While the plants in our study were clearly not “starved” for nitrogen (even within the nonfertilized treatment based upon leaf N values of 3.8–5%), we did increase leaf [N] significantly with our fertilization treatment. We did observe shifts in allocation which are indicative of a nitrogen limitation. Ruffy et al. [58] suggested that nitrogen limitations can cause a general decline in the plants carbohydrate utilization efficiency which ultimately would result in a shift of allocation from roots to shoots. As reported in Ruffy et al. [58], we also observed a 22% increase in the shoot to root ratio although this was only marginally significant between fertilized and unfertilized plants (). It is important that more studies be conducted with more drastic nitrogen limitations imposed to tease out the mechanistic underpinnings of nutrient limitations on thermal acclimation of leaf dark respiration.

5. Conclusions

If the results of this study translate into similar findings in field situations and similar trends were to be found in photosynthetic acclimatory responses to stressors, this study has far-reaching implications for both managed and unmanaged (natural) landscapes. If plants are unable to acclimate metabolically to increased temperatures when grown in lower nutrition or low light (or a combination of these situations), agricultural (managed) and natural ecosystems which have these characteristics may be much more susceptible to current and future temperature increases associated with climate change. This limitation hypothesis which would potentially allow natural and managed ecosystems to be classified as to their potential resiliency to climate change needs to be thoroughly addressed in future studies.

Data Availability

The data used to support the findings of this study are available from the corresponding author upon request.


This work was presented as a poster and abstract at the 98th Ecological Society of America Annual Meeting, Minneapolis, MN (August 2013).

Conflicts of Interest

The authors declare that there are no conflicts of interest regarding the publication of this paper.

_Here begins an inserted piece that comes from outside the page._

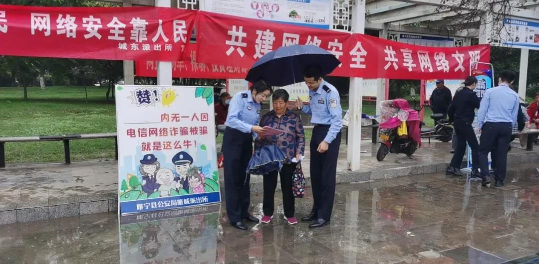 睢宁县县委网信办联合县公安局在九月广场组织专项宣传,主要以展示展板、悬挂横幅、发放传单、现场讲解、接受咨询等多种形式。同时,向过往群众和街面个体户积极宣传法律法规知识,讲解预防网络电信诈骗、辨别网络虚假信息、抵制网络谣言等网络安全常识。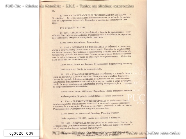 cg0020_039 | 1968 | Ementa das disciplinas no Catálogo oficial da Escola Graduada de Ciências e Engenharia (EGCE), 1968 - 1969. |

The authors would like to thank Jessica LaGrone for her assistance with data collection and Roxie A. Jordan, Greenhouse Lab Supervisor, Louisiana Tech Department of Agriculture, for providing greenhouse space and technical support. This work was supported by National Science Foundation (NSF), EPSCoR Pilot funding program (grant number NSF(2010)-PFUND-200), and McIntire-Stennis formula funding (grant no. LAZ00074).